The detection model is a machine learning model, and the detection model can be trained through a pre-constructed model architecture, as shown in fig. 2, where the pre-constructed model architecture may include one or more detection algorithms, such as a random forest algorithm or a gradient descent tree algorithm. After the model architecture is constructed, training is needed to improve the accuracy of the output recognition result. The training dataset for training the model architecture may include a first set of feature information, and a corresponding recognition result dataset. The first characteristic information set includes a plurality of first characteristic information, and the recognition result data set includes a recognition result corresponding to the first characteristic information. In the training process, the first characteristic information in the first characteristic information set is used as input data, the recognition result in the recognition result data set is used as output data to repeatedly train the model architecture, and the detection model is determined to be trained and can be applied online until the accuracy of the recognition result output by the model architecture is determined to meet the threshold requirement in the verification process.

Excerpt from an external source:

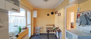 A családi ház az 1950-es évek elején épült betonozott alapzattal, kis pincével, amelyre 1986-ban ráépített a tulajdonosa egy új szintet, cserép héjalással, északnyugati fekvéssel, remek elosztású, szintenként nagyon tágas és világos szobákkal. A ház minden szempontból kellően világos.

After the training is finished, the first characteristic information acquired in real time is input into the detection model which finishes the training, and the detection model is used for calculation, so that the identification result which can represent the protocol type of the first request can be acquired. As embodied, N-Gram entropy may be input into the detection model to obtain corresponding recognition results.

According to the data processing method based on the domain name service protocol, the probability information set is formed by calculating the occurrence probability of the character fragments in the character fragment sequence, the first characteristic information capable of representing the chaos degree of the character fragments is obtained based on the probability information set, the protocol type of the first request can be well described, the first characteristic information is used as input data and is input into the detection model completing training, the identification result of the protocol type of the first request can be obtained, the encryption protocol can be identified, and the identification result has high accuracy.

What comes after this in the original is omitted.